__YOUR ASSIGNMENT__.
Nothing outside the range is to be copied. From the entries below, reproduce exactly the lines starting at the one with "- ‘BBC’ 전문 패널들은" and ending at the one with "Montenegro Echeverría, Mónica", without pictures.

__EXTRACTED INFORMATION__.

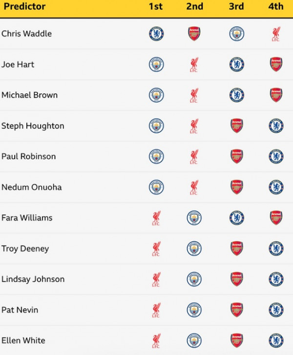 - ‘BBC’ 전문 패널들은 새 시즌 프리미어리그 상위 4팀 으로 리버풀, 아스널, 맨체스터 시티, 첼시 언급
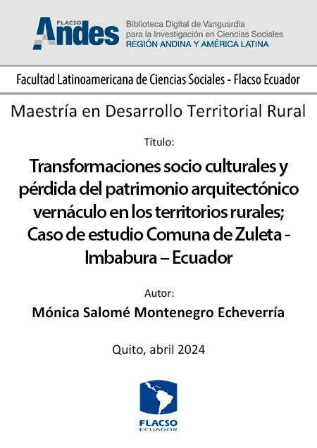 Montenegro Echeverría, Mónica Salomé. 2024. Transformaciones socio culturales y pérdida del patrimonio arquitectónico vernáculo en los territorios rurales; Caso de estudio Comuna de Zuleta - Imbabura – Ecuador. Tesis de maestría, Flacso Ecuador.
...
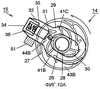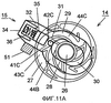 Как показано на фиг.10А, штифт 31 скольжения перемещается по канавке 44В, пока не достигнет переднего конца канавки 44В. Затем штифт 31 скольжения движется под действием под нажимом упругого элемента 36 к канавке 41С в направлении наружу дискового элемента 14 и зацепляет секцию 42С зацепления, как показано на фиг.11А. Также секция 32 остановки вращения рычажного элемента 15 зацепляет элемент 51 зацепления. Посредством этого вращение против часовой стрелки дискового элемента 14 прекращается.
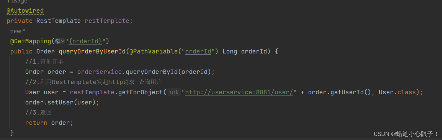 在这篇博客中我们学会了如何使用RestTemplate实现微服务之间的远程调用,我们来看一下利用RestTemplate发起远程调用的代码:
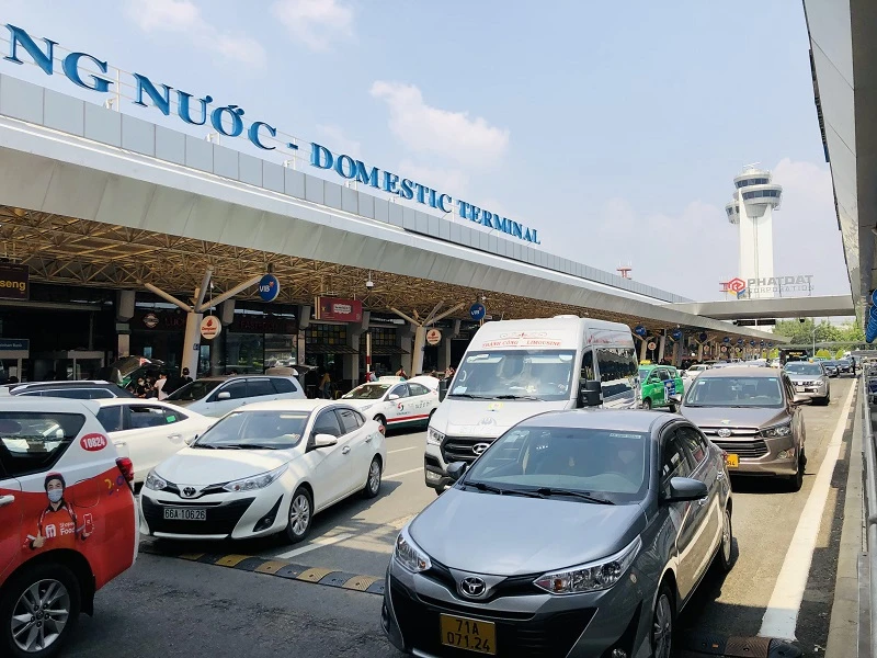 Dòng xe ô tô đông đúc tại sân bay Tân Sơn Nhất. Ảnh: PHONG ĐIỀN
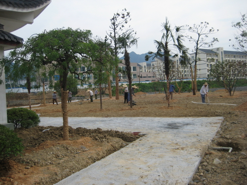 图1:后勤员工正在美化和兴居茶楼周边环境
* * *
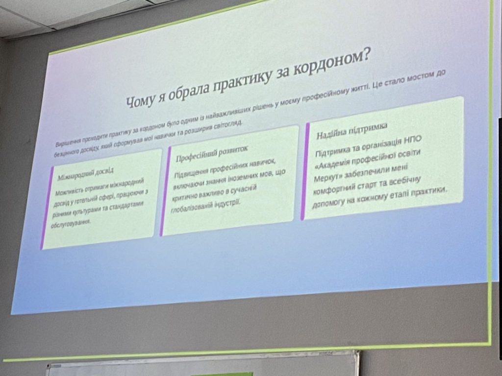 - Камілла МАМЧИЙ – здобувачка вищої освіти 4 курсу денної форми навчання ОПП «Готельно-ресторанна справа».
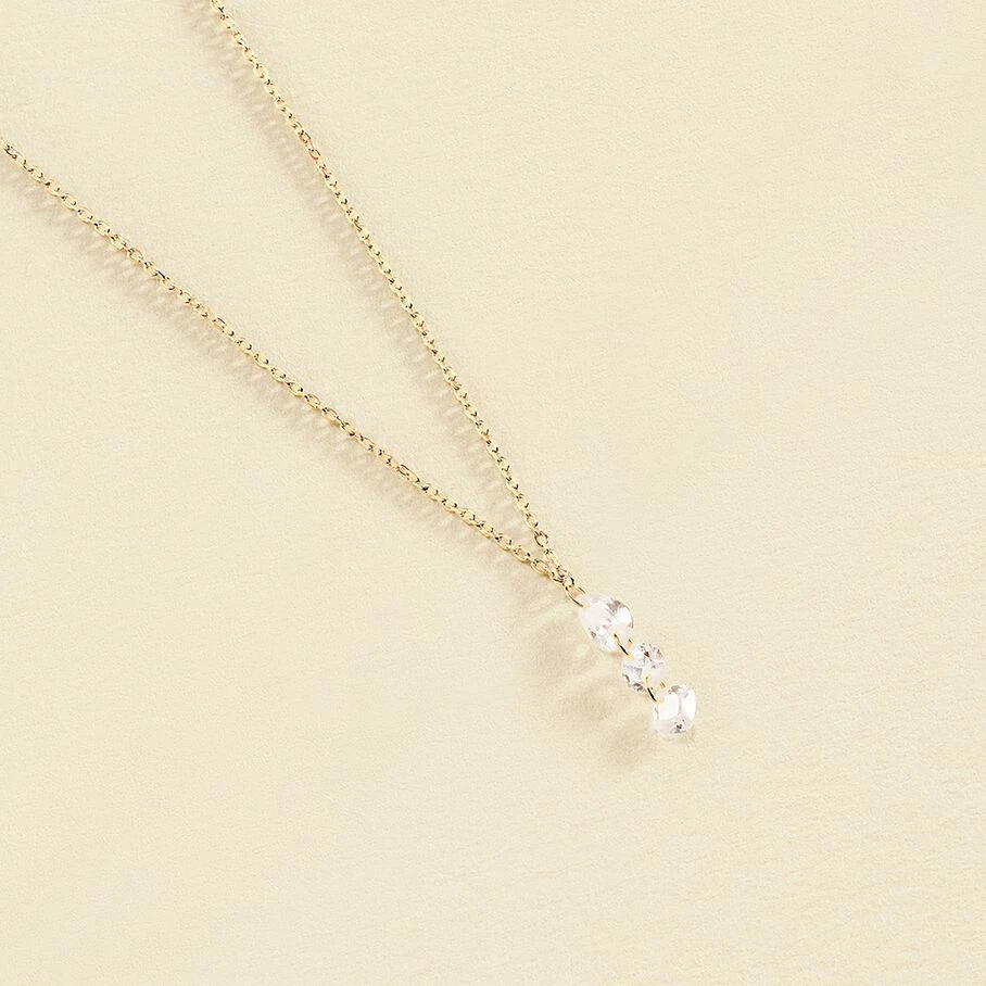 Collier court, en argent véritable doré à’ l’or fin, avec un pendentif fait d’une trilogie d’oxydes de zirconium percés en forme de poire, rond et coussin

__PROBLEM SOLUTION__.
 - ‘BBC’ 전문 패널들은 새 시즌 프리미어리그 상위 4팀 으로 리버풀, 아스널, 맨체스터 시티, 첼시 언급
 Montenegro Echeverría, Mónica Salomé. 2024. Transformaciones socio culturales y pérdida del patrimonio arquitectónico vernáculo en los territorios rurales; Caso de estudio Comuna de Zuleta - Imbabura – Ecuador. Tesis de maestría, Flacso Ecuador.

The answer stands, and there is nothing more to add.